Data provided:
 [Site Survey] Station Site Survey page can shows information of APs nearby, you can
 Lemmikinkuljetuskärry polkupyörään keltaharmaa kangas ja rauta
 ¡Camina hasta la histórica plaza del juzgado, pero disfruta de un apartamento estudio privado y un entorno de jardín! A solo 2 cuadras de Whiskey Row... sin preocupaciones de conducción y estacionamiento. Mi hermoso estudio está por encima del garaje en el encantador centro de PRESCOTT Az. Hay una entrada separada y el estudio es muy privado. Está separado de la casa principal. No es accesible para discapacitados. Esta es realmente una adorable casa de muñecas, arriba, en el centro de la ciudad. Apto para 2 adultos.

---

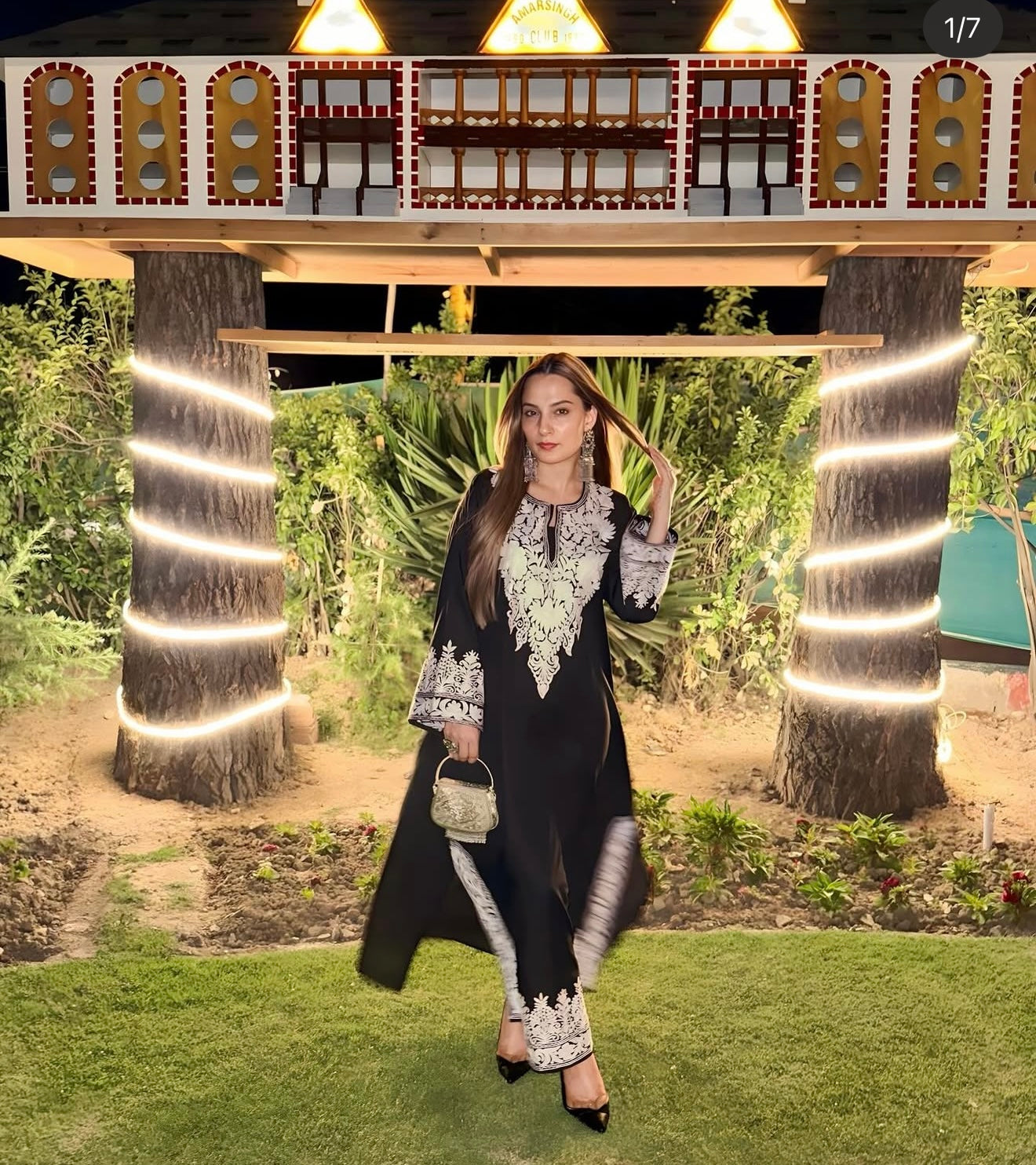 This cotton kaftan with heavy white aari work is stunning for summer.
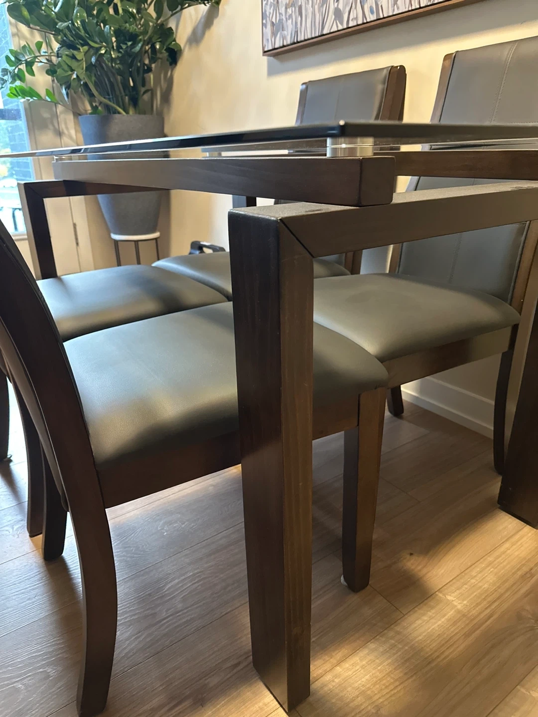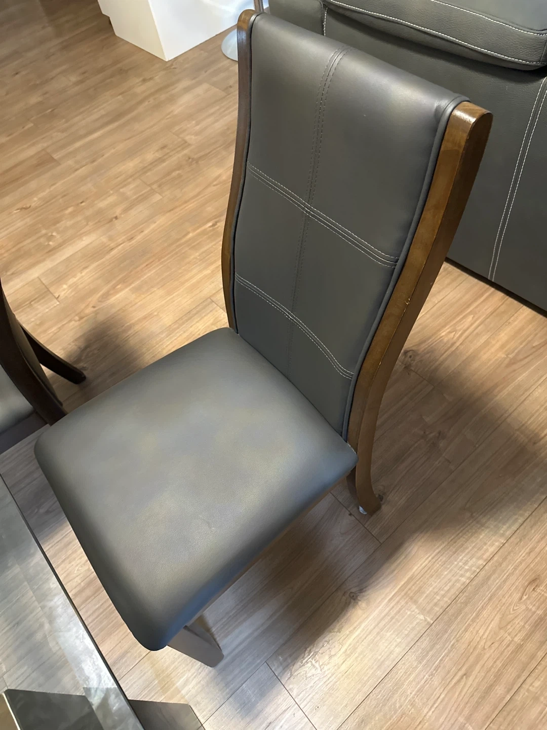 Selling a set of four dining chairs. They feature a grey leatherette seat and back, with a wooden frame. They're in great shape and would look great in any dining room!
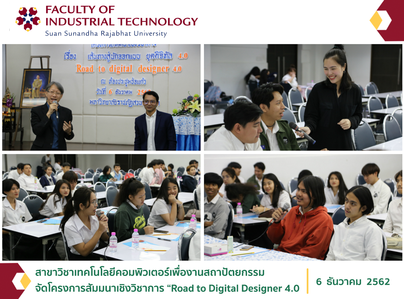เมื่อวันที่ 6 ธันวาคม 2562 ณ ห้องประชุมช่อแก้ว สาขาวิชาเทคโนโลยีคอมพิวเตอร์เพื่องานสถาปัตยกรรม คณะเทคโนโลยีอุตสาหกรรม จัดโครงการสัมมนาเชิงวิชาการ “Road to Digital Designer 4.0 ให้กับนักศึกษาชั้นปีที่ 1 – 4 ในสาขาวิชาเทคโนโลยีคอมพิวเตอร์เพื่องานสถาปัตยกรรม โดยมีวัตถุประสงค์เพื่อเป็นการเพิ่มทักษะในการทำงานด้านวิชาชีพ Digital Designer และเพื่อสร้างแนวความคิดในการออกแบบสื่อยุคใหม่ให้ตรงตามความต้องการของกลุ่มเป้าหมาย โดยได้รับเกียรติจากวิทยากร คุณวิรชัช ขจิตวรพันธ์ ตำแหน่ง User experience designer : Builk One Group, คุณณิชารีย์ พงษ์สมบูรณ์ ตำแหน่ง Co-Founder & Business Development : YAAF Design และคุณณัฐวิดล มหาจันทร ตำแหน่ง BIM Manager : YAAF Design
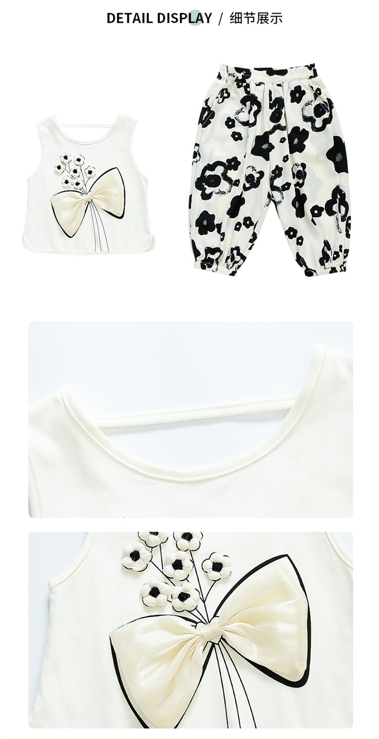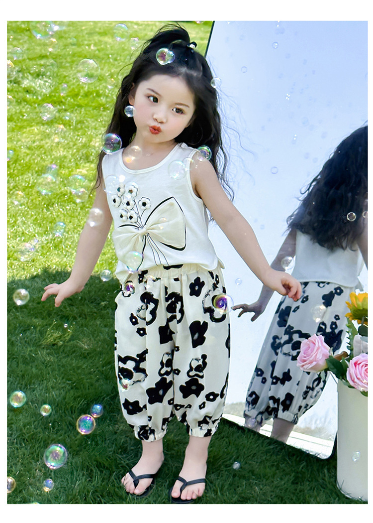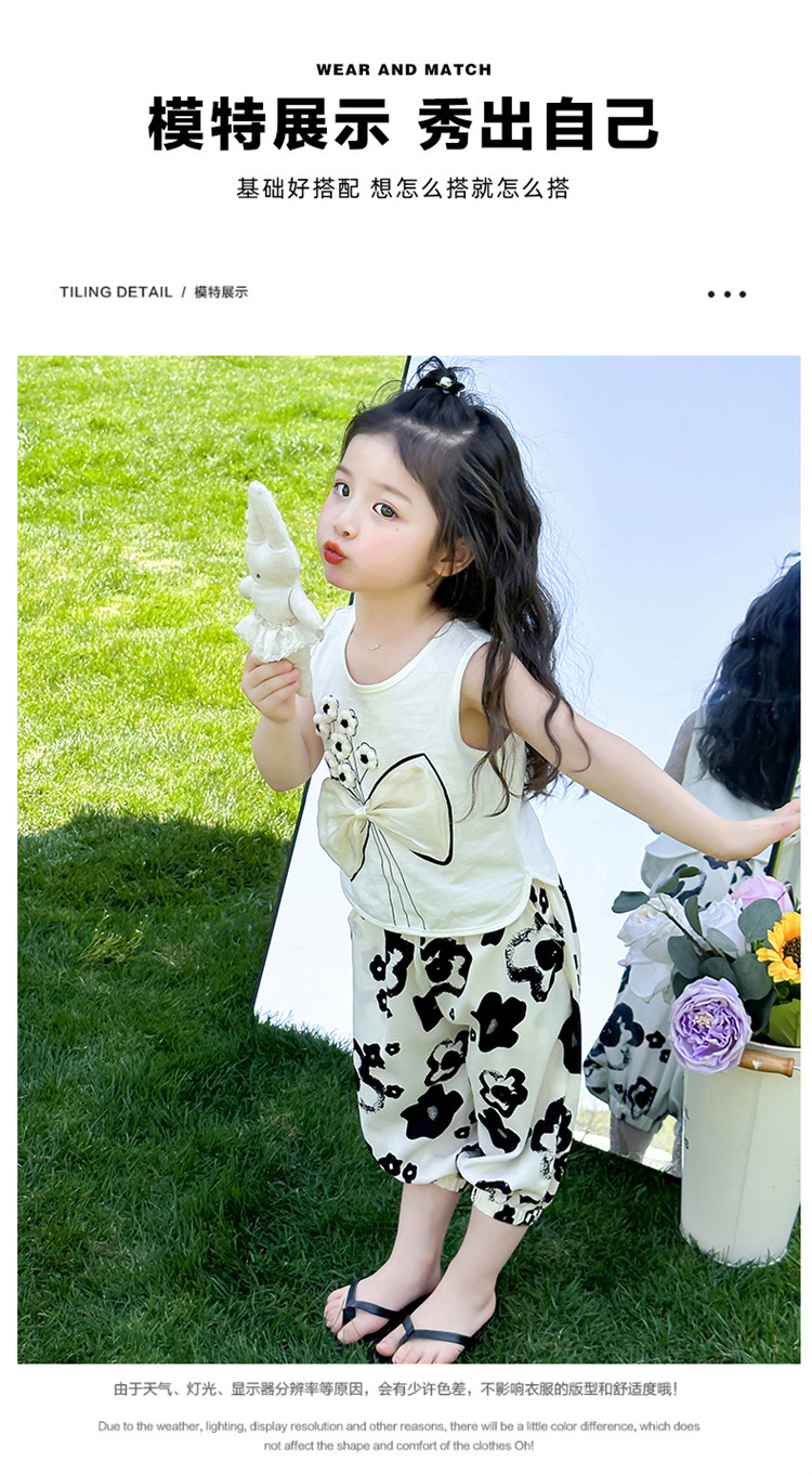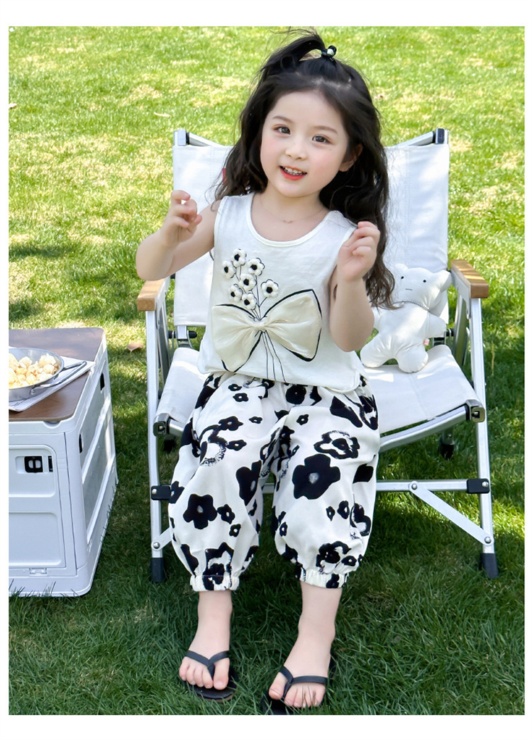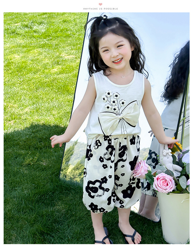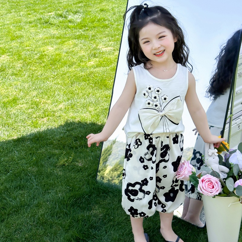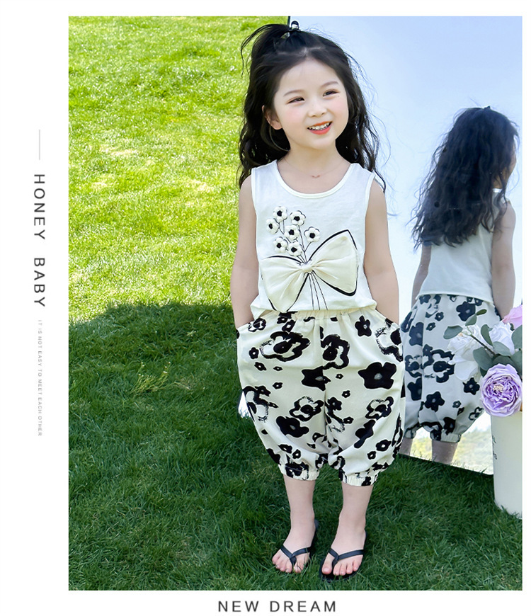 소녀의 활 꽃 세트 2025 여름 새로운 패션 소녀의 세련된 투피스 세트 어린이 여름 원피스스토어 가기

Task directions:
Go down the entries above from the line containing "เมื่อวันที่ 6 ธันวาคม" to the line containing "소녀의 활 꽃 세트 2025" and write out each line exactly, leaving pictures out.

Finished task:
เมื่อวันที่ 6 ธันวาคม 2562 ณ ห้องประชุมช่อแก้ว สาขาวิชาเทคโนโลยีคอมพิวเตอร์เพื่องานสถาปัตยกรรม คณะเทคโนโลยีอุตสาหกรรม จัดโครงการสัมมนาเชิงวิชาการ “Road to Digital Designer 4.0 ให้กับนักศึกษาชั้นปีที่ 1 – 4 ในสาขาวิชาเทคโนโลยีคอมพิวเตอร์เพื่องานสถาปัตยกรรม โดยมีวัตถุประสงค์เพื่อเป็นการเพิ่มทักษะในการทำงานด้านวิชาชีพ Digital Designer และเพื่อสร้างแนวความคิดในการออกแบบสื่อยุคใหม่ให้ตรงตามความต้องการของกลุ่มเป้าหมาย โดยได้รับเกียรติจากวิทยากร คุณวิรชัช ขจิตวรพันธ์ ตำแหน่ง User experience designer : Builk One Group, คุณณิชารีย์ พงษ์สมบูรณ์ ตำแหน่ง Co-Founder & Business Development : YAAF Design และคุณณัฐวิดล มหาจันทร ตำแหน่ง BIM Manager : YAAF Design
 소녀의 활 꽃 세트 2025 여름 새로운 패션 소녀의 세련된 투피스 세트 어린이 여름 원피스스토어 가기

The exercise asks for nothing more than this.